▶ WHAT THIS TASK INVOLVES
Print every line below exactly as written, but leave the pictures behind.

▶ EXTRACTED INFORMATION
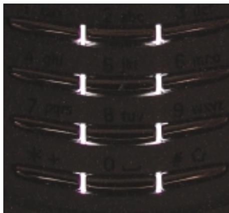
Podsvětlení tlačítek skutečně není ideální

S Bluetooth kartou Nokia by měla fungovat také komunikace s programy v balíčku PC Suite, s produkty jiných firem (3Com, Mitsumi apod.) se o to ani nepokoušejte. Zapomeňte také třeba na synchronizaci dat telefonu s počítačem, na kterém jsou Windows XP. Nokia zkrátka tento aktuální systém nepodporuje. Není to trochu zvláštní?
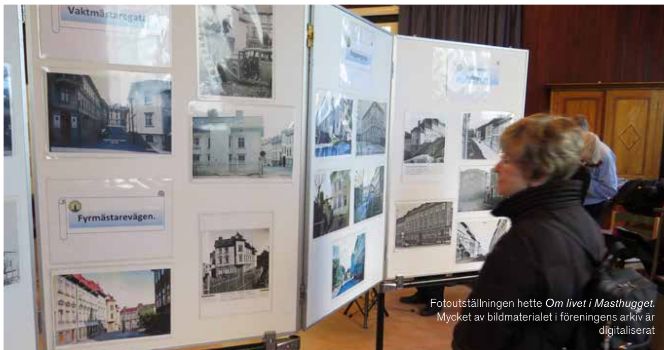
Fotoutställningen hette Om livet i Masthugget . Mycket av bildmaterialet i föreningens arkiv är digitaliserat
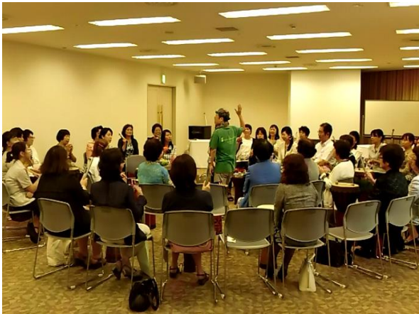
2014年8月 鹿児島県中小企業団体中央会様 女性部会研修ドラムサークル
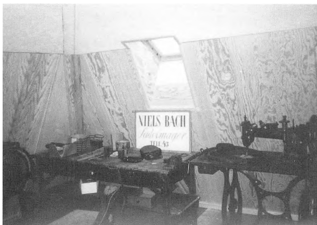
Sadelmagerværkstedet, Lokalarkivet, Jernbanegade 1.

Pladsen i Vestergade var ved at blive trang og da kommunen byggede nyt plejehjem, overtog arkivet førstestuen i det gamle plejehjem på Vandmøllevej, medens postvæsenet lejede stueetagen.
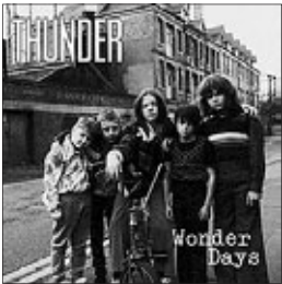
Thunder Wonder Days, 2015

Группа Thunder («Гром») не самый популярный в России музыкальный коллектив. Возможно, бенд заслуживает лучшей участи. Но всё дело в том, что интерес к Thunder возник у нас несколько странным образом. Сначала было, то есть была группа Union. Хотя нет, так мы совсем всех запутаем. Лучше давайте по порядку. Сначала, в 1989-м, образовался «Гром». И достаточно ярко дебютировал: первый их диск Back Street Symphony — блюз-рок плюс нежные баллады — вошел в хит-парад Соединенных Штатов под 21-м номером. А следующий — Laughing At The Judgement Day — стал вторым в США и 33-м в Великобритании. Не могу утверждать, что музыка дальше становилась хуже, но чартовые позиции снижались. Возможно, этим и обусловлено, что в 1999 году группа взяла перерыв, можно даже сказать, распалась. Вновь музыканты сошлись в 2003-м году, выпустили четыре альбома, лучший из которых — Robert Johnson Thombstone. Название, сами видите, говорит о блюзовой направленности. И тут Thunder снова распался.

▶ OUTPUT OF THE EXERCISE
Podsvětlení tlačítek skutečně není ideální

S Bluetooth kartou Nokia by měla fungovat také komunikace s programy v balíčku PC Suite, s produkty jiných firem (3Com, Mitsumi apod.) se o to ani nepokoušejte. Zapomeňte také třeba na synchronizaci dat telefonu s počítačem, na kterém jsou Windows XP. Nokia zkrátka tento aktuální systém nepodporuje. Není to trochu zvláštní?
Fotoutställningen hette Om livet i Masthugget . Mycket av bildmaterialet i föreningens arkiv är digitaliserat
2014年8月 鹿児島県中小企業団体中央会様 女性部会研修ドラムサークル
Sadelmagerværkstedet, Lokalarkivet, Jernbanegade 1.

Pladsen i Vestergade var ved at blive trang og da kommunen byggede nyt plejehjem, overtog arkivet førstestuen i det gamle plejehjem på Vandmøllevej, medens postvæsenet lejede stueetagen.
Thunder Wonder Days, 2015

Группа Thunder («Гром») не самый популярный в России музыкальный коллектив. Возможно, бенд заслуживает лучшей участи. Но всё дело в том, что интерес к Thunder возник у нас несколько странным образом. Сначала было, то есть была группа Union. Хотя нет, так мы совсем всех запутаем. Лучше давайте по порядку. Сначала, в 1989-м, образовался «Гром». И достаточно ярко дебютировал: первый их диск Back Street Symphony — блюз-рок плюс нежные баллады — вошел в хит-парад Соединенных Штатов под 21-м номером. А следующий — Laughing At The Judgement Day — стал вторым в США и 33-м в Великобритании. Не могу утверждать, что музыка дальше становилась хуже, но чартовые позиции снижались. Возможно, этим и обусловлено, что в 1999 году группа взяла перерыв, можно даже сказать, распалась. Вновь музыканты сошлись в 2003-м году, выпустили четыре альбома, лучший из которых — Robert Johnson Thombstone. Название, сами видите, говорит о блюзовой направленности. И тут Thunder снова распался.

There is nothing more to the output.